▶ Task instructions
Give the data below again exactly as written, but without the pictures.

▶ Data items
-=-=-=-=-

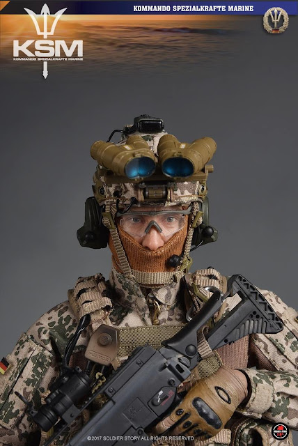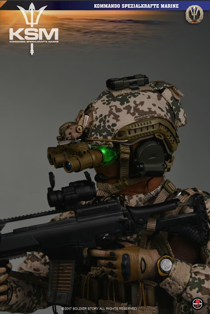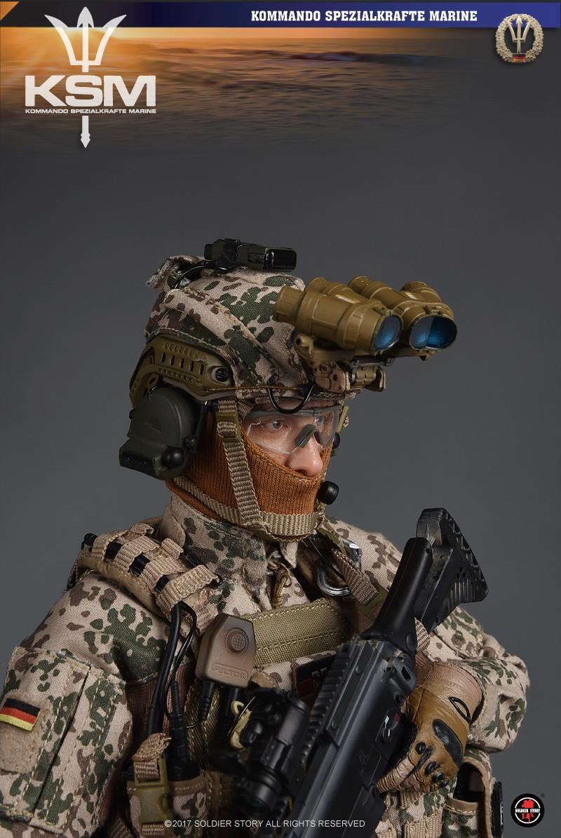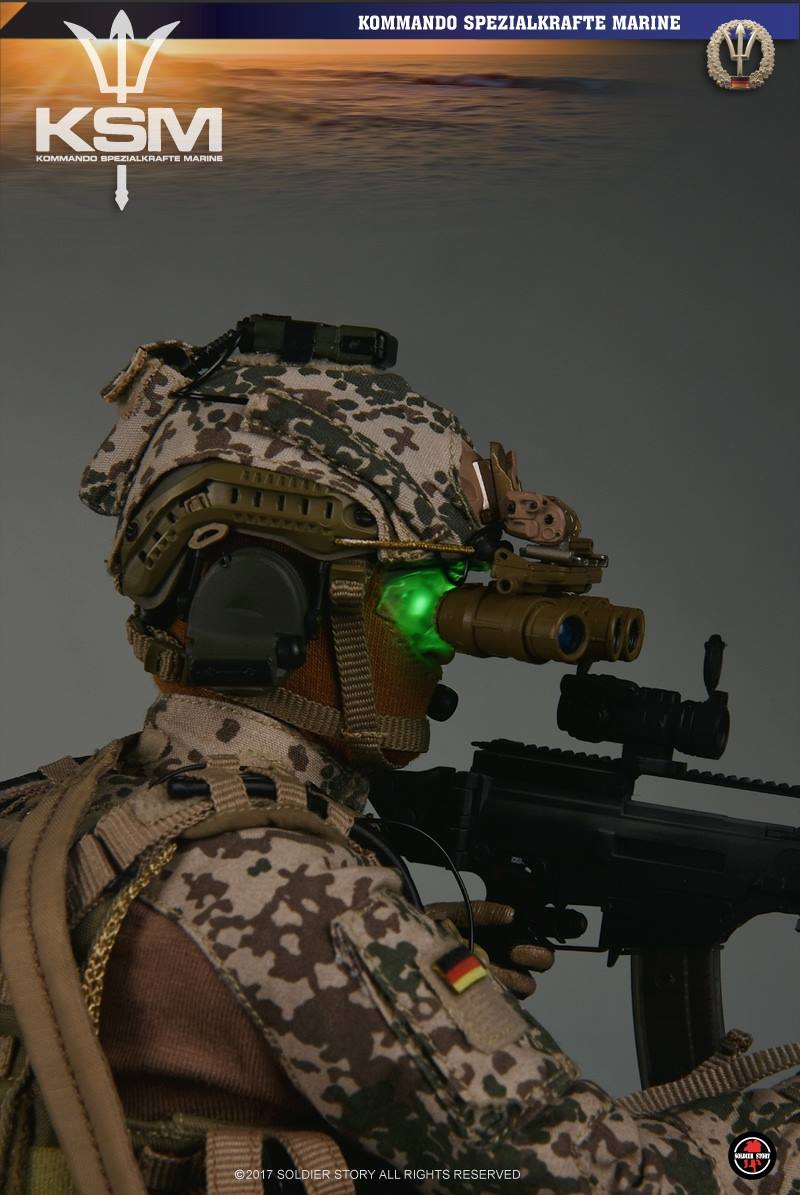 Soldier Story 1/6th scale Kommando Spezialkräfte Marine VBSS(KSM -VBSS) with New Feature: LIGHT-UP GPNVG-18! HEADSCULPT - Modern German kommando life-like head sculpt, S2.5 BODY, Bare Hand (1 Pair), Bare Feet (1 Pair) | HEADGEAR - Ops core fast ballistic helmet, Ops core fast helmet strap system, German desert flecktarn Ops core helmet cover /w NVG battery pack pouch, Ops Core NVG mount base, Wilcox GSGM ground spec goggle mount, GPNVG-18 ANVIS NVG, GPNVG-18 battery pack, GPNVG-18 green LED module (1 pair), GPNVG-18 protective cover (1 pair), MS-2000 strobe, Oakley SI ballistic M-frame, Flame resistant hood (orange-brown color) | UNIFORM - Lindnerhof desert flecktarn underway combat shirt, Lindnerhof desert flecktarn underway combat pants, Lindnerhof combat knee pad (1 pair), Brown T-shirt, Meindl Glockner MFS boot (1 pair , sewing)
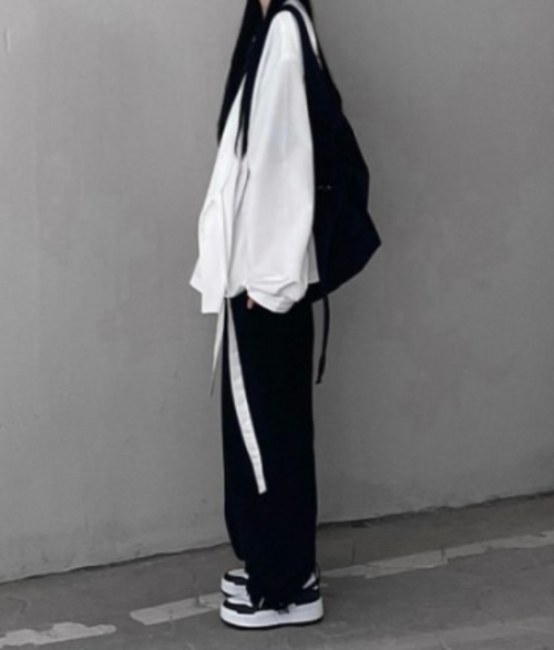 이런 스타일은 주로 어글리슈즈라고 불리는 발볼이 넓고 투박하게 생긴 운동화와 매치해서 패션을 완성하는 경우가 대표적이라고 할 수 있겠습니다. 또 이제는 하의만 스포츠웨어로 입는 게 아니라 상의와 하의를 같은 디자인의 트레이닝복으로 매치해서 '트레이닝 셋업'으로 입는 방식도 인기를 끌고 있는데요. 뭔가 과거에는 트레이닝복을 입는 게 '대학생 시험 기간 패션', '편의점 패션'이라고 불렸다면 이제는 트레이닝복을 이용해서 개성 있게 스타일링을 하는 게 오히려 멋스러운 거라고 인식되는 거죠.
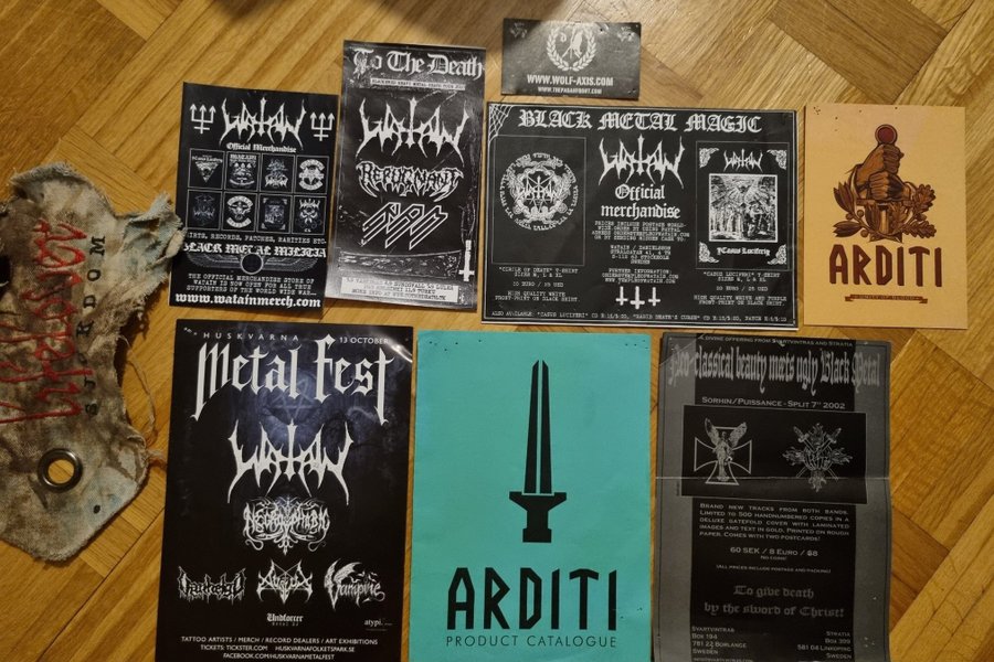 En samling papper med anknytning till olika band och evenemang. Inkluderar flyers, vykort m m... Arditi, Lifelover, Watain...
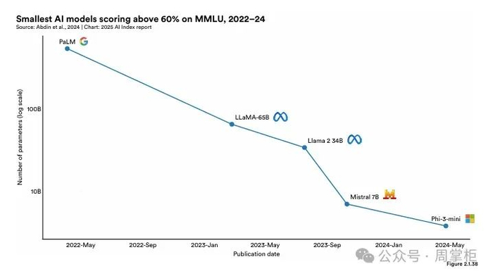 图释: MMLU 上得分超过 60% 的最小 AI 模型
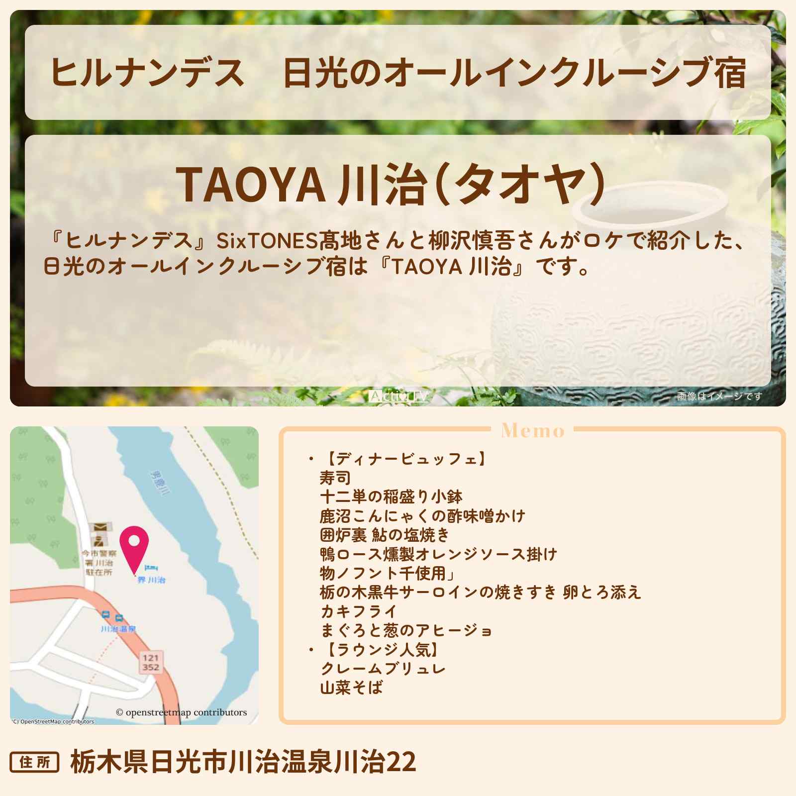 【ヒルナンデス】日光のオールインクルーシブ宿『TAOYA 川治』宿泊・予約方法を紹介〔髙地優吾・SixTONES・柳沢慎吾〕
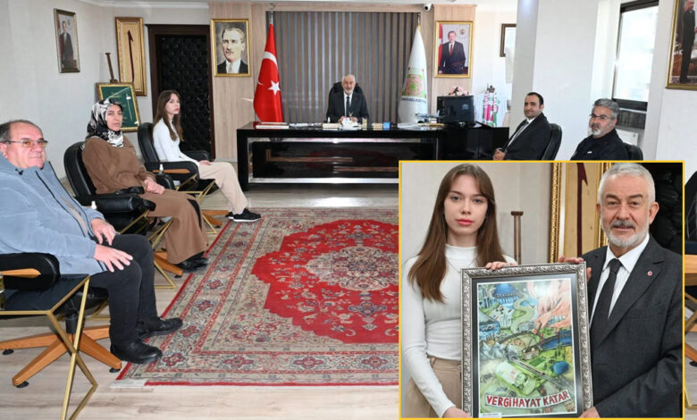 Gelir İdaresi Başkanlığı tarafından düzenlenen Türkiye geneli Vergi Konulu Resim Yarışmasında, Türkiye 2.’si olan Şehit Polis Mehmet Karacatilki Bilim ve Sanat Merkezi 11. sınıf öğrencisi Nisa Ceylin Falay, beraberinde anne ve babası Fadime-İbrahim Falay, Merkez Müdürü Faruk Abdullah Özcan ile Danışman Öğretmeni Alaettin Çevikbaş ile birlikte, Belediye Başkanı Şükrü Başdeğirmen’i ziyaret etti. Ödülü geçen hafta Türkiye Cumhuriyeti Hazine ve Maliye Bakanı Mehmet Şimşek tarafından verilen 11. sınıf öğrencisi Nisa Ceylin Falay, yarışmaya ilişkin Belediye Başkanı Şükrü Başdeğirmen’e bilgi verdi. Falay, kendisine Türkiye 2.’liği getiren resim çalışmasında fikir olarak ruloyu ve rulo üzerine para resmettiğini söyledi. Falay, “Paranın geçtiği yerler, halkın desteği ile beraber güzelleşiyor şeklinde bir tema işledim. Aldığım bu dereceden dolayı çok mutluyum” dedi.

-=-=-=-=-

▶ Finished task
 Soldier Story 1/6th scale Kommando Spezialkräfte Marine VBSS(KSM -VBSS) with New Feature: LIGHT-UP GPNVG-18! HEADSCULPT - Modern German kommando life-like head sculpt, S2.5 BODY, Bare Hand (1 Pair), Bare Feet (1 Pair) | HEADGEAR - Ops core fast ballistic helmet, Ops core fast helmet strap system, German desert flecktarn Ops core helmet cover /w NVG battery pack pouch, Ops Core NVG mount base, Wilcox GSGM ground spec goggle mount, GPNVG-18 ANVIS NVG, GPNVG-18 battery pack, GPNVG-18 green LED module (1 pair), GPNVG-18 protective cover (1 pair), MS-2000 strobe, Oakley SI ballistic M-frame, Flame resistant hood (orange-brown color) | UNIFORM - Lindnerhof desert flecktarn underway combat shirt, Lindnerhof desert flecktarn underway combat pants, Lindnerhof combat knee pad (1 pair), Brown T-shirt, Meindl Glockner MFS boot (1 pair , sewing)
 이런 스타일은 주로 어글리슈즈라고 불리는 발볼이 넓고 투박하게 생긴 운동화와 매치해서 패션을 완성하는 경우가 대표적이라고 할 수 있겠습니다. 또 이제는 하의만 스포츠웨어로 입는 게 아니라 상의와 하의를 같은 디자인의 트레이닝복으로 매치해서 '트레이닝 셋업'으로 입는 방식도 인기를 끌고 있는데요. 뭔가 과거에는 트레이닝복을 입는 게 '대학생 시험 기간 패션', '편의점 패션'이라고 불렸다면 이제는 트레이닝복을 이용해서 개성 있게 스타일링을 하는 게 오히려 멋스러운 거라고 인식되는 거죠.
 En samling papper med anknytning till olika band och evenemang. Inkluderar flyers, vykort m m... Arditi, Lifelover, Watain...
 图释: MMLU 上得分超过 60% 的最小 AI 模型
 【ヒルナンデス】日光のオールインクルーシブ宿『TAOYA 川治』宿泊・予約方法を紹介〔髙地優吾・SixTONES・柳沢慎吾〕
 Gelir İdaresi Başkanlığı tarafından düzenlenen Türkiye geneli Vergi Konulu Resim Yarışmasında, Türkiye 2.’si olan Şehit Polis Mehmet Karacatilki Bilim ve Sanat Merkezi 11. sınıf öğrencisi Nisa Ceylin Falay, beraberinde anne ve babası Fadime-İbrahim Falay, Merkez Müdürü Faruk Abdullah Özcan ile Danışman Öğretmeni Alaettin Çevikbaş ile birlikte, Belediye Başkanı Şükrü Başdeğirmen’i ziyaret etti. Ödülü geçen hafta Türkiye Cumhuriyeti Hazine ve Maliye Bakanı Mehmet Şimşek tarafından verilen 11. sınıf öğrencisi Nisa Ceylin Falay, yarışmaya ilişkin Belediye Başkanı Şükrü Başdeğirmen’e bilgi verdi. Falay, kendisine Türkiye 2.’liği getiren resim çalışmasında fikir olarak ruloyu ve rulo üzerine para resmettiğini söyledi. Falay, “Paranın geçtiği yerler, halkın desteği ile beraber güzelleşiyor şeklinde bir tema işledim. Aldığım bu dereceden dolayı çok mutluyum” dedi.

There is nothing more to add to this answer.